What is expected:
Nothing but the lines below from the one with "God Of Hustler" through the one with "ホーム側の出入口扉前より、改札口方向を見る。 | ホーム側出入口扉付近に掲示されている" should be output, each exactly as given, and no pictures.

Material to process:
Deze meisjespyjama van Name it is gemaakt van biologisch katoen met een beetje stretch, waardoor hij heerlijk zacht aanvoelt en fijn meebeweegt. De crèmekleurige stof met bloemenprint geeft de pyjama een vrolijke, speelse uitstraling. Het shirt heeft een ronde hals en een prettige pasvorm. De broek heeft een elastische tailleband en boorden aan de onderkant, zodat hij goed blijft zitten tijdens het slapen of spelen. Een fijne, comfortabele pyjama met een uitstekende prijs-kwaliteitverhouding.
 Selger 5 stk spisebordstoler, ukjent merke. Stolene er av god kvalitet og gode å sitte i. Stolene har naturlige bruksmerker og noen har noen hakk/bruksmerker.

...

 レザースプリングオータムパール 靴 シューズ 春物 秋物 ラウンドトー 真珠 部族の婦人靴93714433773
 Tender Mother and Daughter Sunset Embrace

==

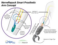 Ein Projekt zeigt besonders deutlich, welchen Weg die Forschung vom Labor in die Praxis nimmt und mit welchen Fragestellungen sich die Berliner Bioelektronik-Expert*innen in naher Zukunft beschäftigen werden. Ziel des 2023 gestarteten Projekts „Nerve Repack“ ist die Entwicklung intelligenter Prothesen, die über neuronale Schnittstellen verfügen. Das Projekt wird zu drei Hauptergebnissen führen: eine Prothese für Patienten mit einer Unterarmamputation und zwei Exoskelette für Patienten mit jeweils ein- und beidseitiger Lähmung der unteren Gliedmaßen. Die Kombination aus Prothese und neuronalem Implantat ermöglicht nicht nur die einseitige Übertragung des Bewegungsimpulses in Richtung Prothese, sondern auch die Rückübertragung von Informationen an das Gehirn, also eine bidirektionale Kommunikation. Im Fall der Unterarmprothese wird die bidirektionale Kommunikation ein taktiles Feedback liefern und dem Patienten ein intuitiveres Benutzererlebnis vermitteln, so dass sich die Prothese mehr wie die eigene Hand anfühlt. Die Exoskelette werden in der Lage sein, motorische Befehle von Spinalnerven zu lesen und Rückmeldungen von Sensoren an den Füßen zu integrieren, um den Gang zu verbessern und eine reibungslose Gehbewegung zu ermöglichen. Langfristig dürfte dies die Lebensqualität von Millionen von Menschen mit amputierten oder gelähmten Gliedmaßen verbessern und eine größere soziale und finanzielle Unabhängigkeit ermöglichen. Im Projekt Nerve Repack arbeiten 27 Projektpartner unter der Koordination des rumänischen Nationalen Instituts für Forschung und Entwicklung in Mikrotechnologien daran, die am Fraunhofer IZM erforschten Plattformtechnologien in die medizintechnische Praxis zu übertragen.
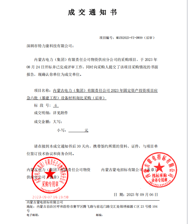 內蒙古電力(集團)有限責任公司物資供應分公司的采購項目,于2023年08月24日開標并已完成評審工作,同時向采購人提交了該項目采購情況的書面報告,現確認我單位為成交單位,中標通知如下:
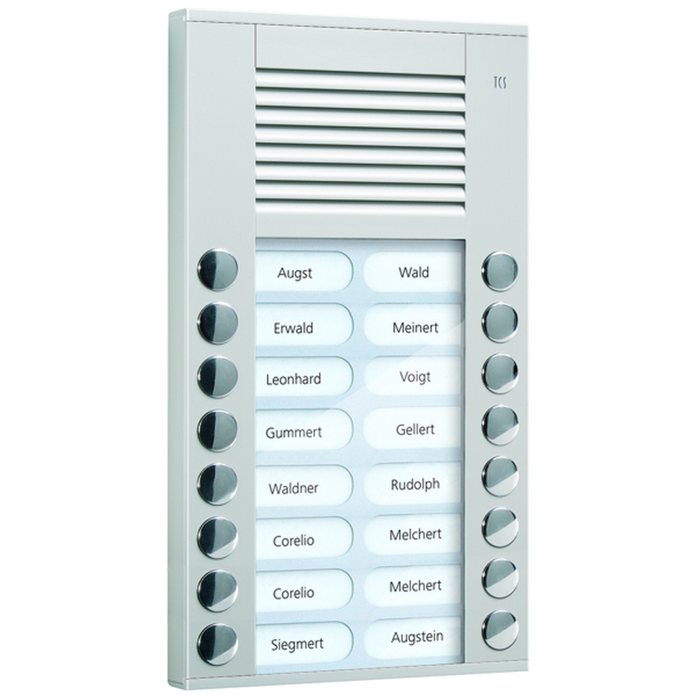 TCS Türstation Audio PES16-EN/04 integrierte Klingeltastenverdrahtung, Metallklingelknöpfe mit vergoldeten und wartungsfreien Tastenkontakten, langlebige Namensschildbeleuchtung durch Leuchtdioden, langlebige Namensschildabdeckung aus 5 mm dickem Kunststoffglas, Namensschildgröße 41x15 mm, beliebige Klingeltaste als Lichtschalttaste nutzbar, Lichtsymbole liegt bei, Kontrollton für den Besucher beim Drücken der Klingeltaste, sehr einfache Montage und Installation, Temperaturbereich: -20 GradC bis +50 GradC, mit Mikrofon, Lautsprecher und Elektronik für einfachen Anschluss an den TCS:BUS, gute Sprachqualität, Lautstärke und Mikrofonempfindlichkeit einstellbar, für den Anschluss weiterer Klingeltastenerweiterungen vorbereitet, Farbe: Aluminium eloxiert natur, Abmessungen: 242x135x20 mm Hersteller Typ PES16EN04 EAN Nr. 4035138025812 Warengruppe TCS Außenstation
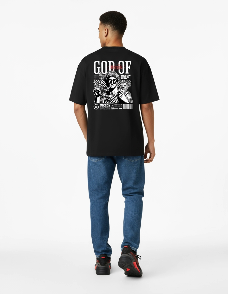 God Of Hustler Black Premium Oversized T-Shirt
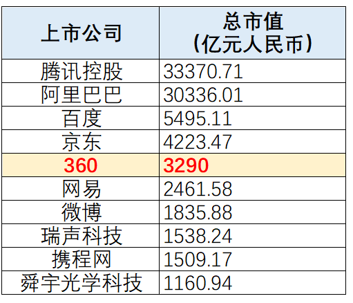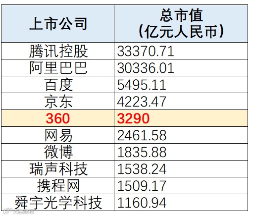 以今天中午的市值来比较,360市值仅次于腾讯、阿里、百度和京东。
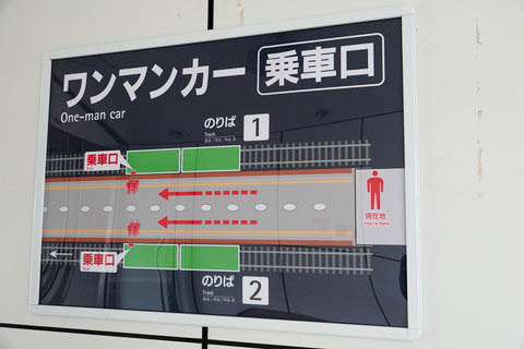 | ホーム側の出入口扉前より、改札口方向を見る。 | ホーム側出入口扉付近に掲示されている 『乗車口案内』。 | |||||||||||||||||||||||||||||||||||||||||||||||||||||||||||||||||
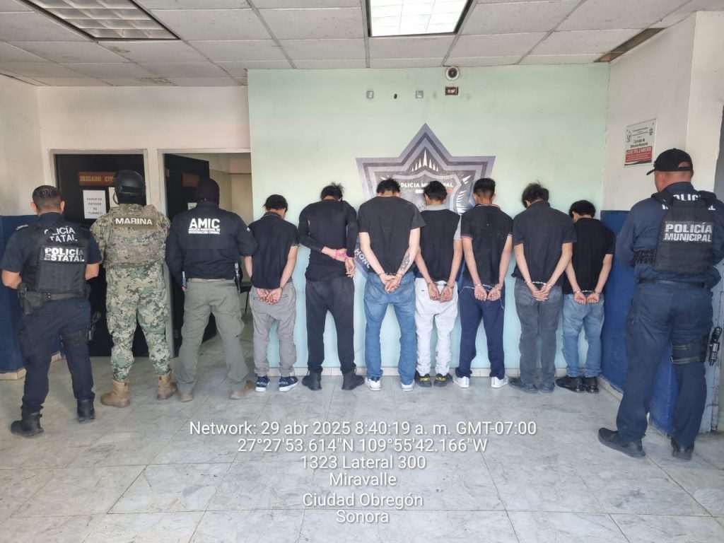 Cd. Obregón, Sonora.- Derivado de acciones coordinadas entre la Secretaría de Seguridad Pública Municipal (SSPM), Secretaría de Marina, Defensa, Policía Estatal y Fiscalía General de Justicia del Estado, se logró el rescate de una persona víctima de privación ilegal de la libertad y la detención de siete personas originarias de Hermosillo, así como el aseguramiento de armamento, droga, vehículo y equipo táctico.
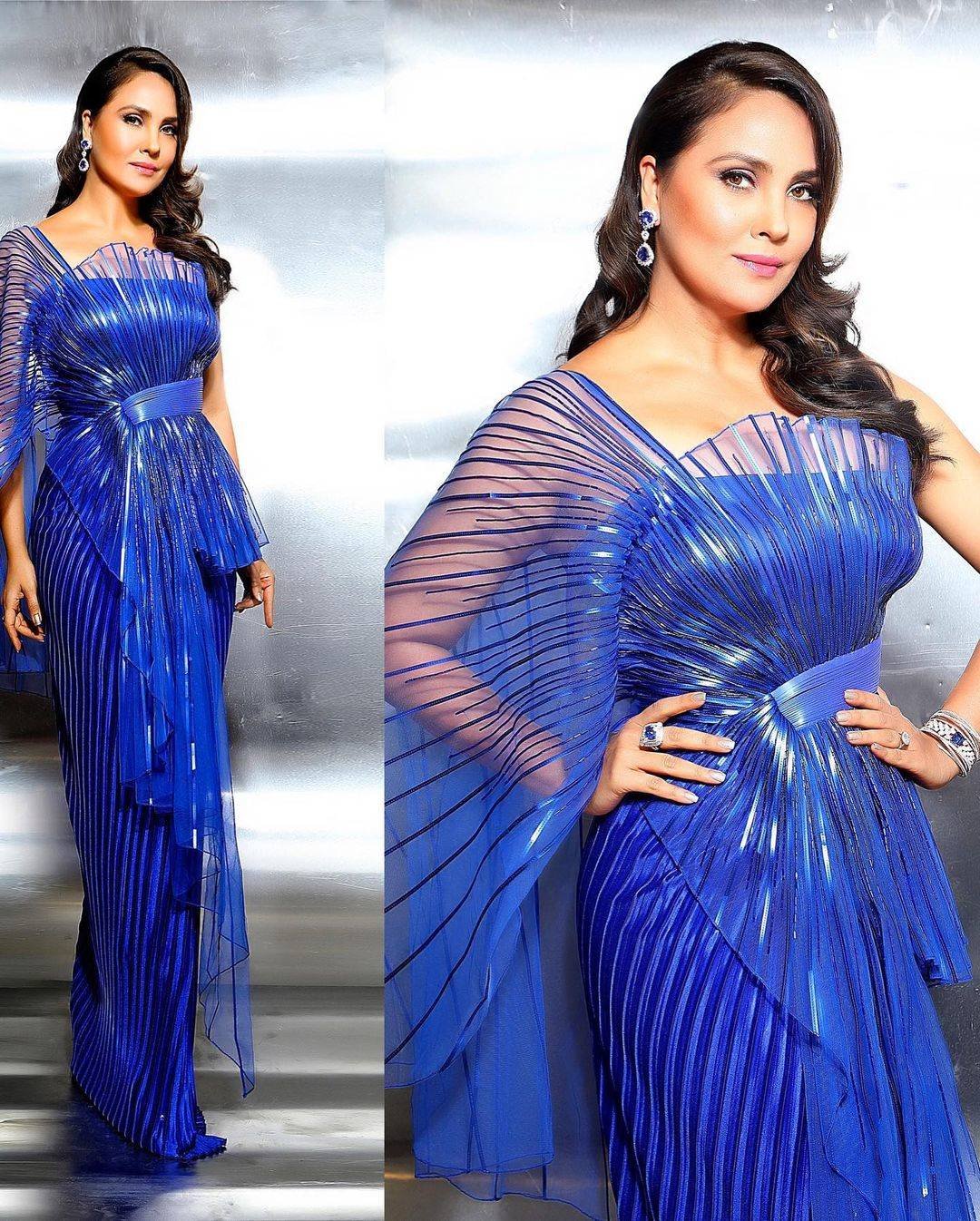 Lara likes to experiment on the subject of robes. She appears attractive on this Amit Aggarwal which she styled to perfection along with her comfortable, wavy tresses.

Answer space:
 God Of Hustler Black Premium Oversized T-Shirt
 以今天中午的市值来比较,360市值仅次于腾讯、阿里、百度和京东。
 | ホーム側の出入口扉前より、改札口方向を見る。 | ホーム側出入口扉付近に掲示されている 『乗車口案内』。 | |||||||||||||||||||||||||||||||||||||||||||||||||||||||||||||||||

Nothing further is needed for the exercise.